Through the years, our Dana Foundation publications have often focused on both Parkinson’s disease and Alda’s passion to better communicate science to the public, which is part of our mission as well.

In 2015, about the same time that Alda learned he had Parkinson’s, I wrote “Alda Crushes It,” a blog on Alda’s lecture at Columbia University, entitled “Getting Behind a Blind Date with Science.” In this captivating lecture, co-sponsored by Dana and the Kavli Foundation, he talked about why he had co-founded his own center for science communication at Stony Brook University and how he had been inspired by his time as host of Scientific American Frontiers, a PBS program that explored any number of topics. He was engaging, insightful, and his enthusiasm was contagious.

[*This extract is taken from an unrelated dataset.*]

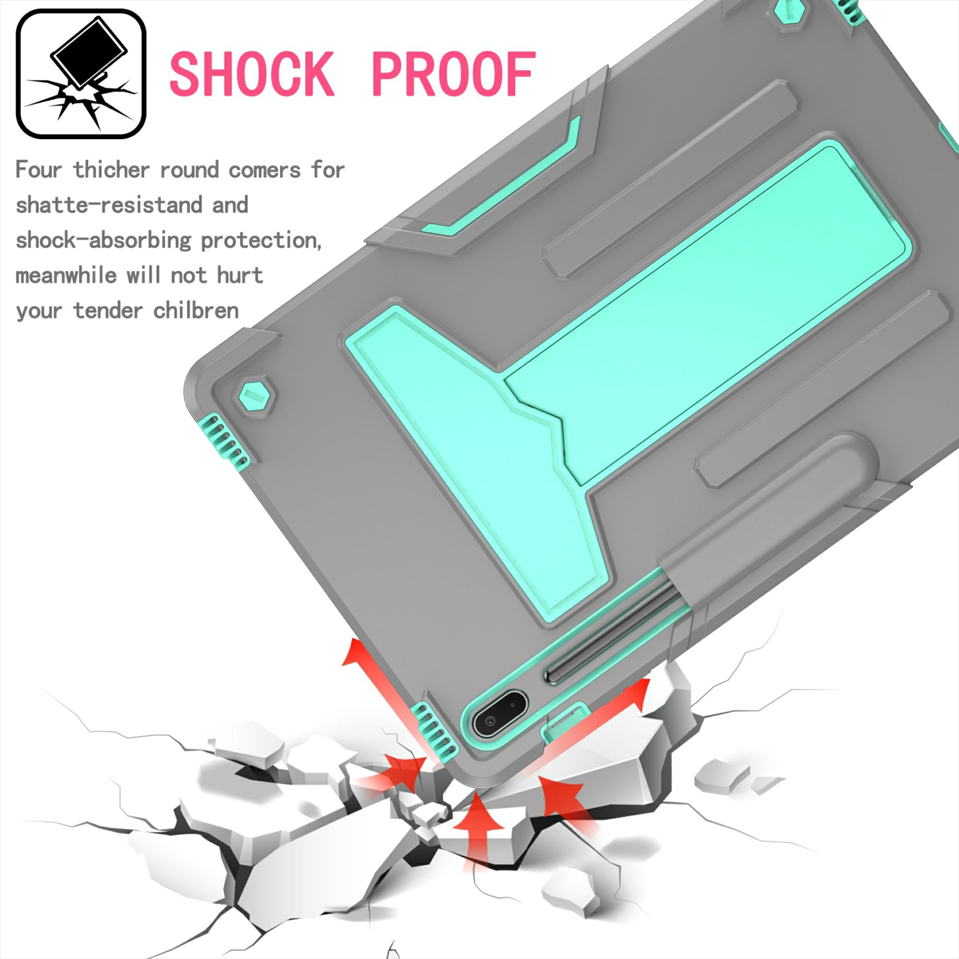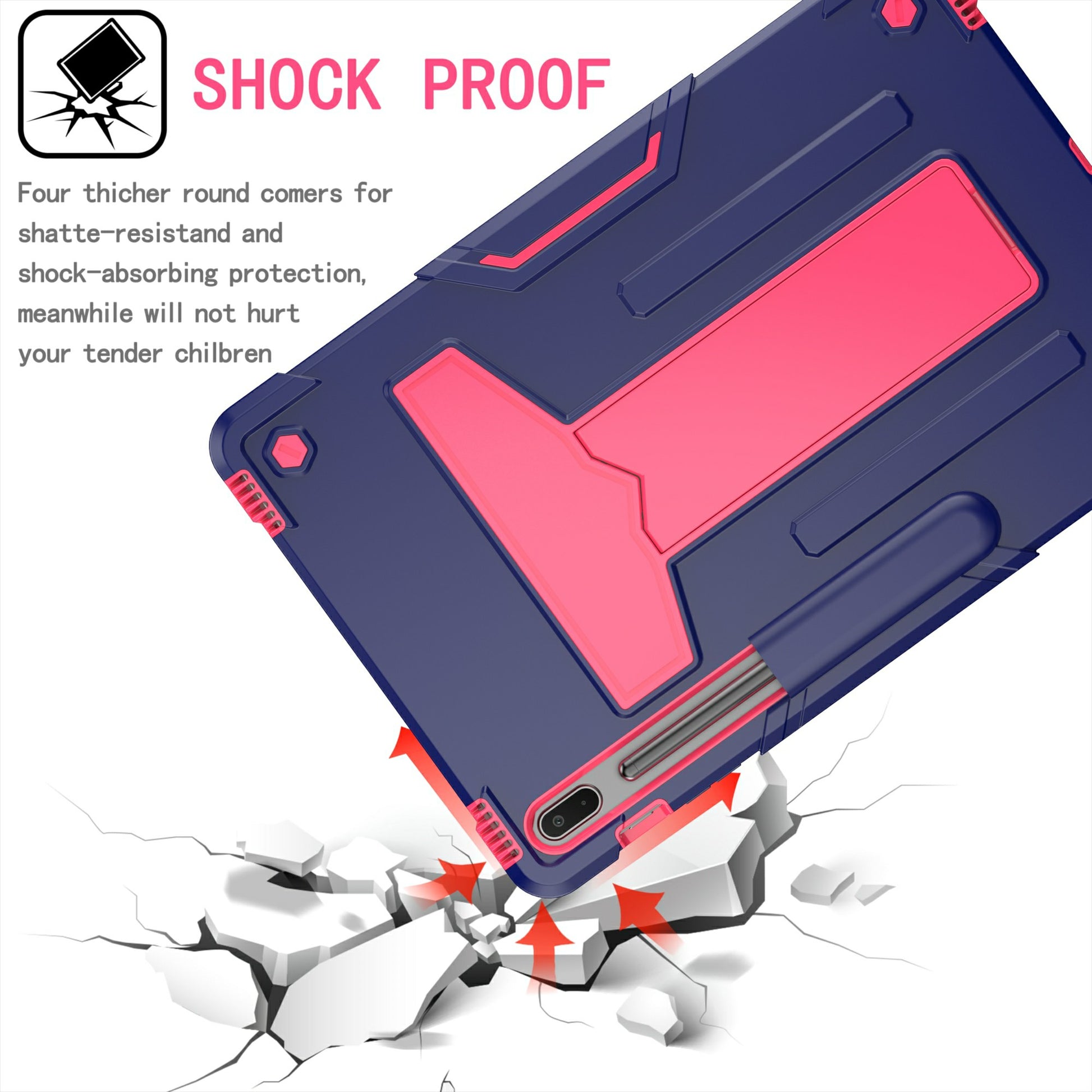 Impact resistant design and shock absorbing silicone + plastic materials fully cover back and edges, protecting against accidental drops and falls. Designed with a pen slot, convenient adjustable but sturdy kickstand fully free your hands when you're reading, watching and surfing the internet in your free time.

A year later the publication I edit, Cerebrum, reviewed Alda’s new book If I Understood You, Would I Have This Look on My Face. We asked Eric Chudler, a neuroscientist at the University of Washington and the executive director of the Center for Sensorimotor Neural Engineering in Seattle, to tell us what he thought. Chudler wrote: “With humor and a clear, concise, and never stilted writing style, Alda takes readers on his journey to help experts convey neuroscience and other complex scientific topics to a variety of audiences.”